In case you are not familiar with what this sounds like then here are some examples

  • I will give you one beer to worry about it.  When this beer is finished we will move on to something more interesting
  • Really, that is the issue?  Maybe if you want something to really worry about you should go without food for 2 days.  Then see if it is still an issue.
  • So you could spend time fixing that.  Let’s say it takes an hour to worry, an hour to do something and then an hour to wonder if you did the right thing.  Is there anything else you think you could do with 3 hours that might be more worth while?

Strangely though, when I began coaching others and I started to bluntly tell people to “get over it” or to “suck it up princess”, they seemed to miss my good intentions and sometimes even seemed to get upset.

My powerful EQ and my well honed coaching skills meant that I eventually realised that that people were not entirely grateful for my constructive feedback.

I guess if I really did have powerful EQ then I would have realised a lot earlier.  So I learned to adjust my approach a little.

I still believe that sometimes I should just get over things and move forward.  I also think there are times to tell others to do the same.

But when I learned coaching I did find out that there are more constructive ways to put things in perspective and help people move forward.

Here is what  I learned recently in a MOOC on coaching.  It is about resilience and positive psychology and it is presented by Karen Reivich Phd.

It is part of a series and well worth the time if you are interested.  But here is my take on something from one of the videos in a much quicker lesson.

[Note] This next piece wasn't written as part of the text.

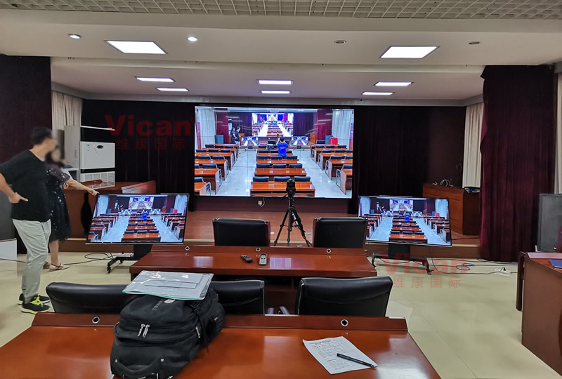 这套会议大屏由3行3列、55寸液晶拼接屏组成,超窄边设计,有着很好的一体化显示效果,主要用来视频会议、会议信息显示使用。

When someone is getting too concerned and seems to be worrying too much … if you can’t stop yourself giving them some advice then try one of these 3 deliberate approaches:

  1. Use an evidence based approach to counter their concerns directly:
    1. That is not true – you say you stuffed it up but actually this is what you achieved.  (Insert your take on things)
    2. That is not true – you say you never get it right but what about this time .. and this
  2. Re-frame (look at things in a more productive way):
    1. That is one way to look at it.  But its not the only way.  Here is my perspective (give a different perspective or take on the situation)
    2. For example – You say you suck at this – you find this hard.  The way I look at it, you are on a learning curve so there will be quite a few areas that you will struggle with – at the moment.  But that is why we are here to back you up – so you can struggle, find the challenge and get help learning to master this stuff.
    3. You can word this as “a better way to look at that is to …”
  3. Use a plan based approach (ie focus on what they can do if things do go wrong):
    1. OK, that might happen.  If “X” does happen, maybe you could try “Y.”
    2. OK, “X” might happen.  Let’s assume it does for a moment, what can we come up with now, that you could do in that situation?

Then you move back into coaching, maybe along the lines of these other approaches.

Each approach still leaves the person to cope, but rather than just telling them to “get over it,” these approaches attempt to help the person look at things in a way that gives them the confidence to cope and move forward successfully.

The idea is that you can say what you think, but that in doing so you should leave the person with the ability to see a next step, or to stop worrying and start speculating.